• _Problem to solve_: Omitting every picture, output the records below exactly, please.

Collected data
# # # # #

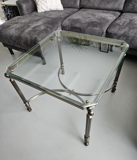 Messinggestell mit dicker Glasplatte mit abgeschrägter Kante.
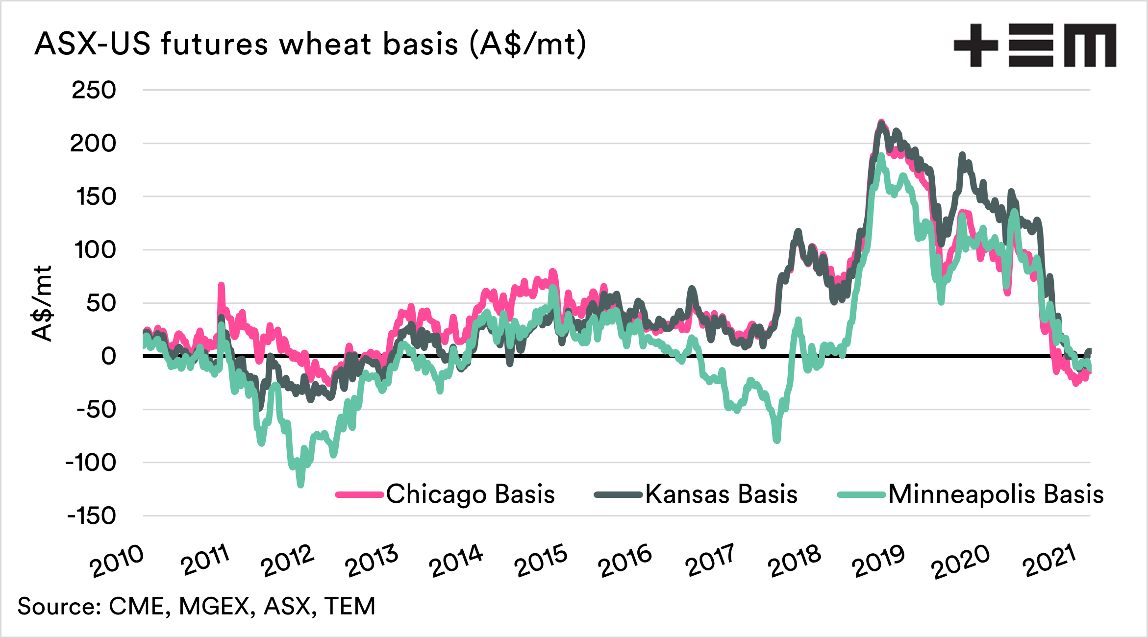 There is more than one futures exchange to hedge wheat; in the third chart, the basis between ASX and Kansas, Minneapolis and Chicago is displayed. In the past ten years, ASX has experienced longer periods of discount to Minneapolis, when spring wheat crops conditions in the US have deteriorated.
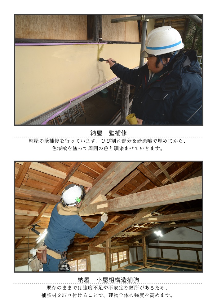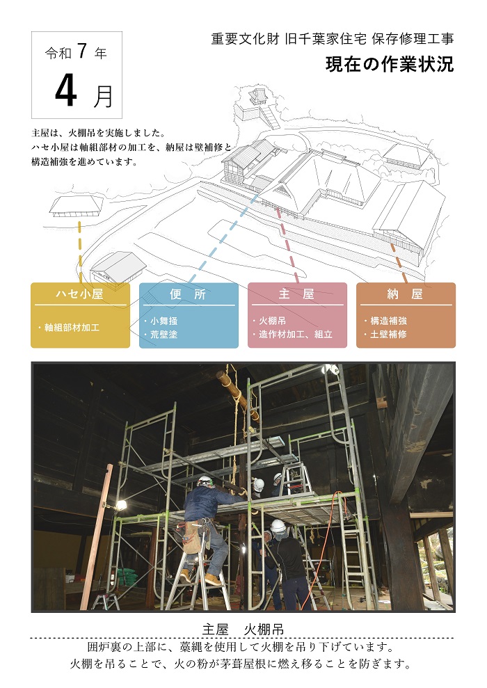 令和6年度は主屋の左官工事、造作工事、稲荷社茅葺工事、大工小屋左官工事等を行う。
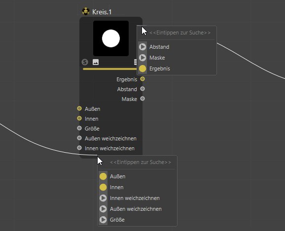 Klicken Sie auf das Verbindungs-Icon rechts neben dem Parameternamen und wählen Sie aus dem Kontext-Menü "Verbinde Node" einen beliebigen Node aus, um diesen mit dem angeklickten Eingang zu verbinden (Sie können natürlich auch in der Node-Ansicht einfach die Ports verbinden). Dabei wird der ausgewählte Node erzeugt und verknüpft:
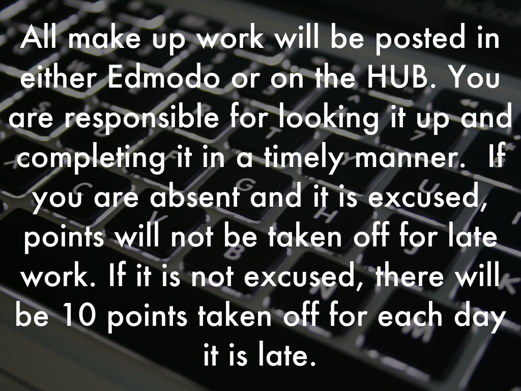 All make up work will be posted in either Edmodo or on the HUB. You are responsible for looking it up and completing it in a timely manner. If you are absent and it is excused, points will not be taken off for late work. If it is not excused, there will be 10 points taken off for each day it is late.

# # # # #

• _Answer to the problem_:
 Messinggestell mit dicker Glasplatte mit abgeschrägter Kante.
 There is more than one futures exchange to hedge wheat; in the third chart, the basis between ASX and Kansas, Minneapolis and Chicago is displayed. In the past ten years, ASX has experienced longer periods of discount to Minneapolis, when spring wheat crops conditions in the US have deteriorated.
 令和6年度は主屋の左官工事、造作工事、稲荷社茅葺工事、大工小屋左官工事等を行う。
 Klicken Sie auf das Verbindungs-Icon rechts neben dem Parameternamen und wählen Sie aus dem Kontext-Menü "Verbinde Node" einen beliebigen Node aus, um diesen mit dem angeklickten Eingang zu verbinden (Sie können natürlich auch in der Node-Ansicht einfach die Ports verbinden). Dabei wird der ausgewählte Node erzeugt und verknüpft:
 All make up work will be posted in either Edmodo or on the HUB. You are responsible for looking it up and completing it in a timely manner. If you are absent and it is excused, points will not be taken off for late work. If it is not excused, there will be 10 points taken off for each day it is late.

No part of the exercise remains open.